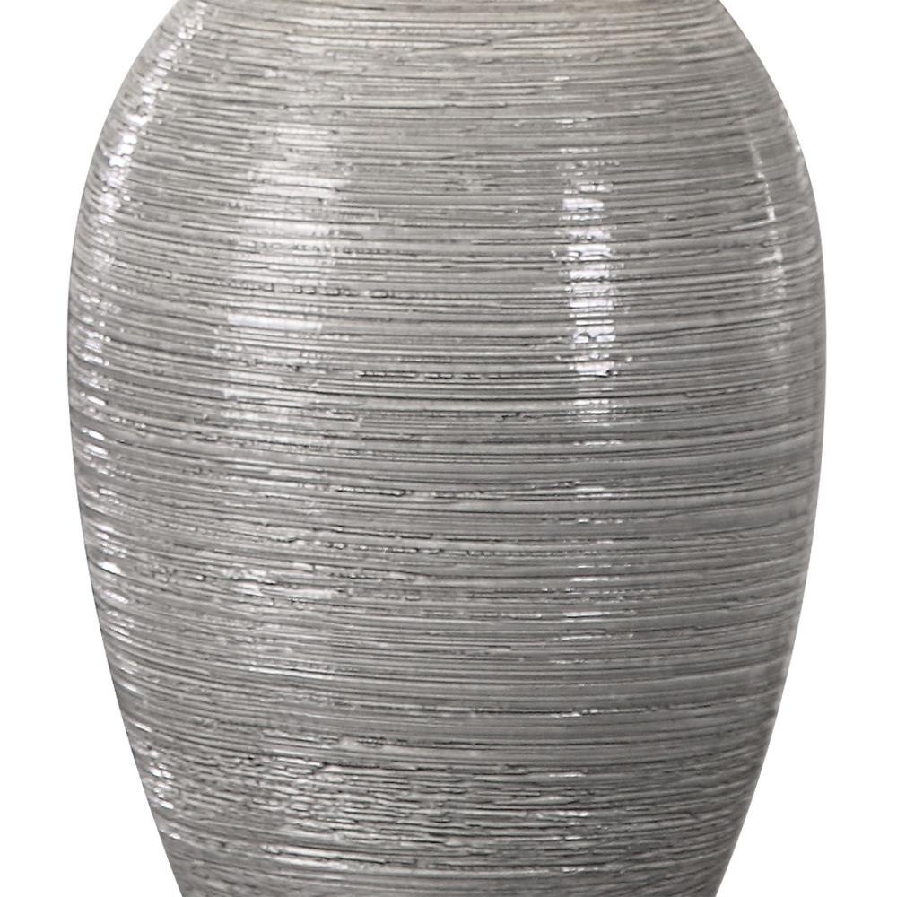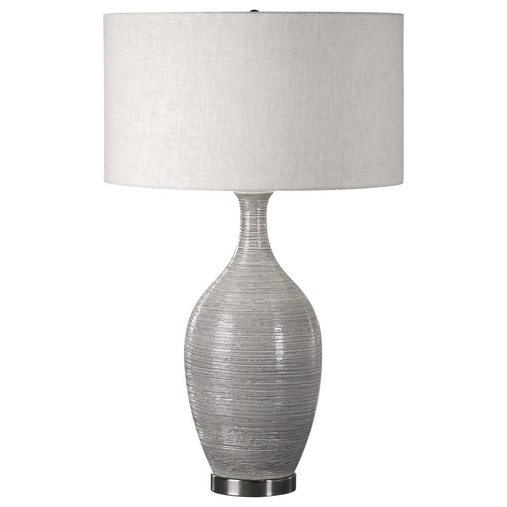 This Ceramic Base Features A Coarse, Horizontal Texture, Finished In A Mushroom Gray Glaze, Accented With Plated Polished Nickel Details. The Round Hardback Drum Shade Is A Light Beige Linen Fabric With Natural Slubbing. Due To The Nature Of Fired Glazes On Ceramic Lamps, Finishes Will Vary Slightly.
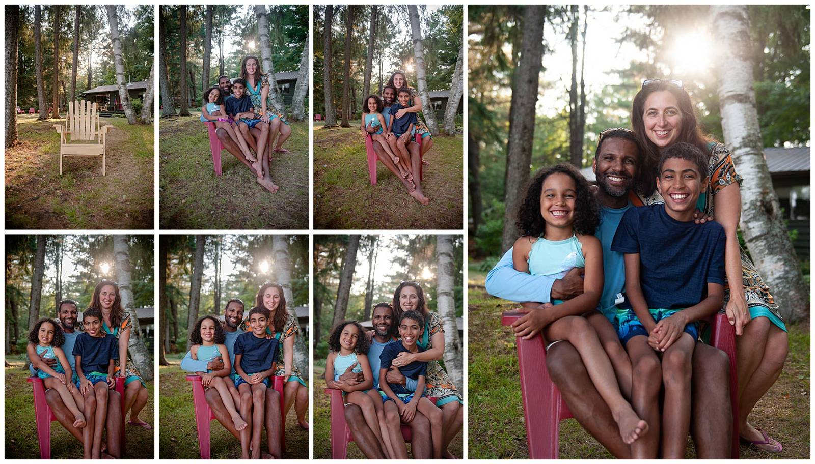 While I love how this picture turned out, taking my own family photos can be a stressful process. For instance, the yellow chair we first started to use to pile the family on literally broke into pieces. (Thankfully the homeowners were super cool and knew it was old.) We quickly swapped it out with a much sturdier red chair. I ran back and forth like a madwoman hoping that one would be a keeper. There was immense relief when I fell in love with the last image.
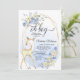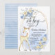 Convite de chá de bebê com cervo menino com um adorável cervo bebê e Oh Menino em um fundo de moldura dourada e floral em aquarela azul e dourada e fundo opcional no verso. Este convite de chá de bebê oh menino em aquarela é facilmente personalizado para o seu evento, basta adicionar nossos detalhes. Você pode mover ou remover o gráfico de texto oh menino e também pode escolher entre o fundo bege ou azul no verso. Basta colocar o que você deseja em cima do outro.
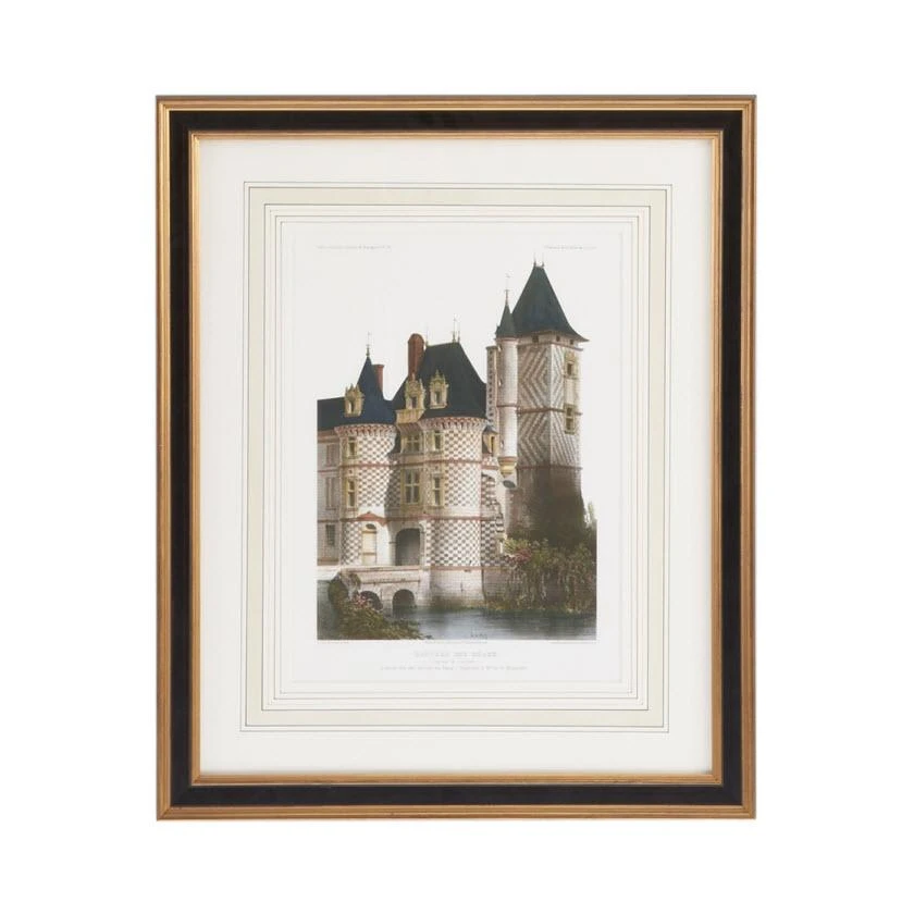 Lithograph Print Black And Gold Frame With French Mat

┄┄┄┄┄┄

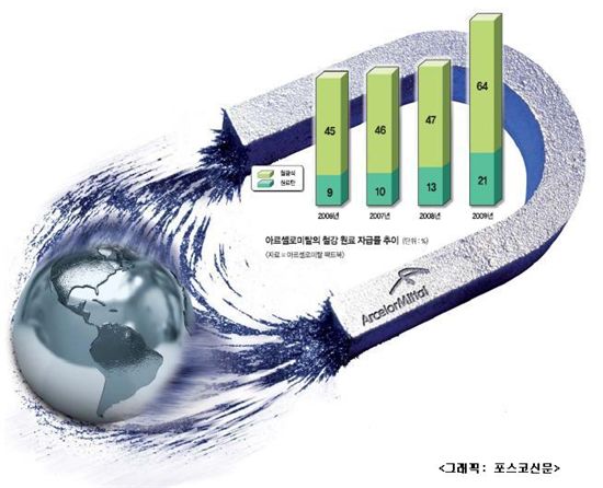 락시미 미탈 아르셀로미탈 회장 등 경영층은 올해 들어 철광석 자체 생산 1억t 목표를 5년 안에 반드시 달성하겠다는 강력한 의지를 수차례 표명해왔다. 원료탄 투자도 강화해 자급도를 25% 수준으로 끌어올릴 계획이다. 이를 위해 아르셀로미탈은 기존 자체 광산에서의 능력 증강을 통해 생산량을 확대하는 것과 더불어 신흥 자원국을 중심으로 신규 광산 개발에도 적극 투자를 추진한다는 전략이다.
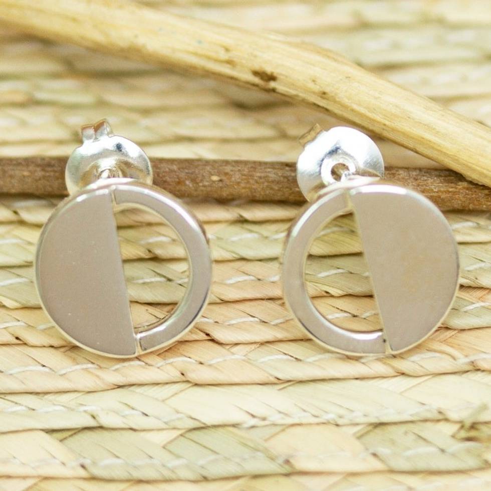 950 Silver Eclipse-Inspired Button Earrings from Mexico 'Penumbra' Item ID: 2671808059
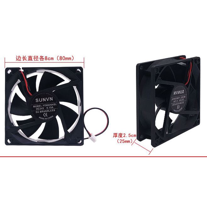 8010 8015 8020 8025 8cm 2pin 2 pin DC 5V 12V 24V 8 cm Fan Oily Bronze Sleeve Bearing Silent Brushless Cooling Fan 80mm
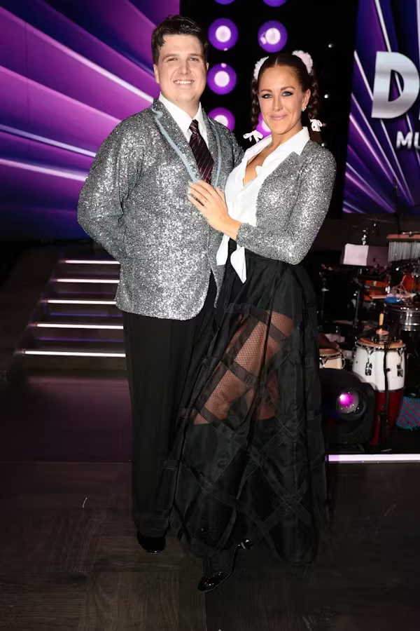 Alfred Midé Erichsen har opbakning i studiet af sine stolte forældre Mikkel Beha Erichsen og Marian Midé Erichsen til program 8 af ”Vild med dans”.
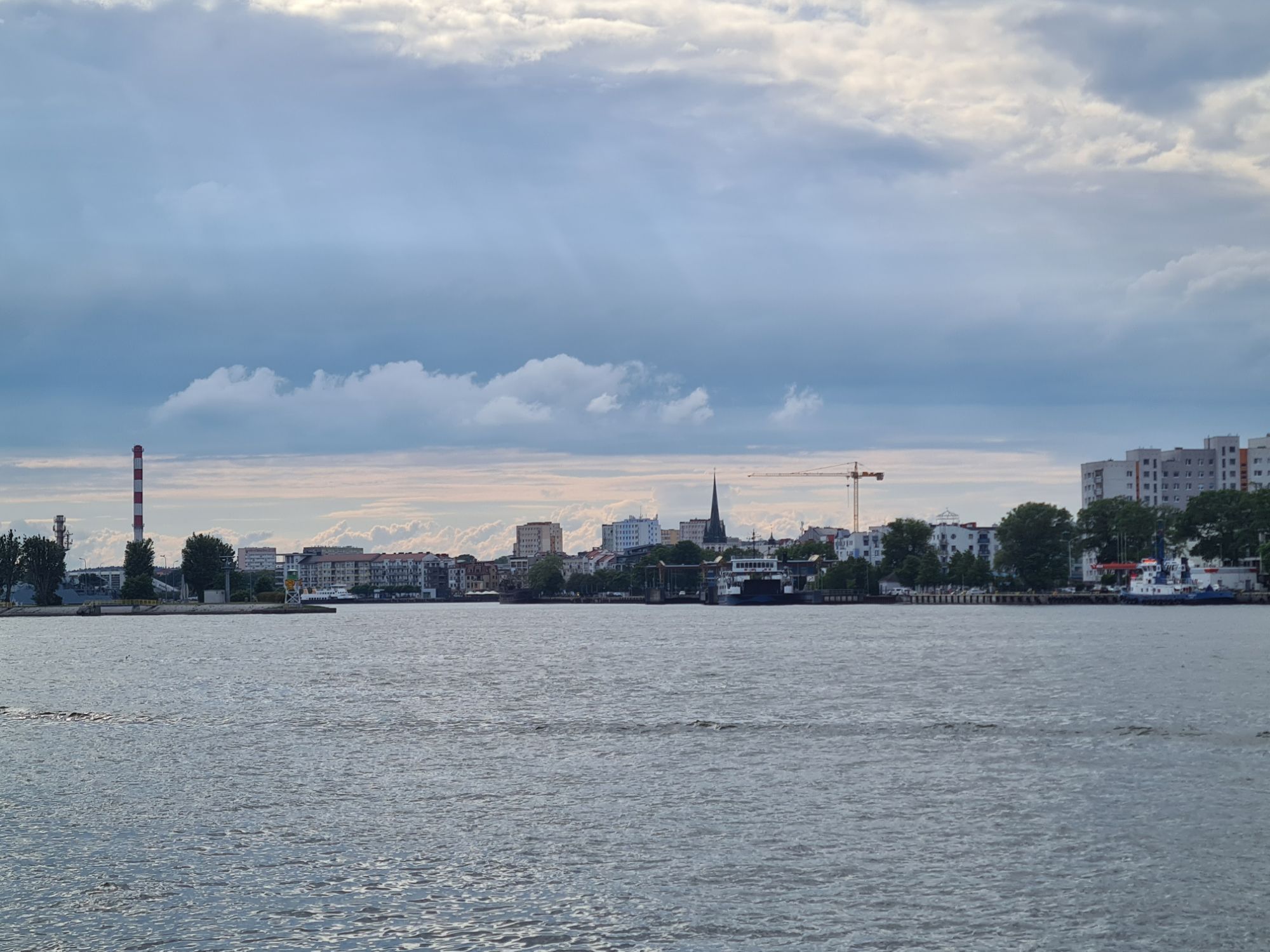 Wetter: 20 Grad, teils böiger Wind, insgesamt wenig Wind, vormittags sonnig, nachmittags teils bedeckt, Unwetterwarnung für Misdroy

┄┄┄┄┄┄

◆ Your instructions: Transcribe, word for word, the lines of the listing above from the one that contains "This Ceramic Base" through the one that contains "While I love", keeping both ends and dropping the pictures.

◆ Solved exercise:
 This Ceramic Base Features A Coarse, Horizontal Texture, Finished In A Mushroom Gray Glaze, Accented With Plated Polished Nickel Details. The Round Hardback Drum Shade Is A Light Beige Linen Fabric With Natural Slubbing. Due To The Nature Of Fired Glazes On Ceramic Lamps, Finishes Will Vary Slightly.
 While I love how this picture turned out, taking my own family photos can be a stressful process. For instance, the yellow chair we first started to use to pile the family on literally broke into pieces. (Thankfully the homeowners were super cool and knew it was old.) We quickly swapped it out with a much sturdier red chair. I ran back and forth like a madwoman hoping that one would be a keeper. There was immense relief when I fell in love with the last image.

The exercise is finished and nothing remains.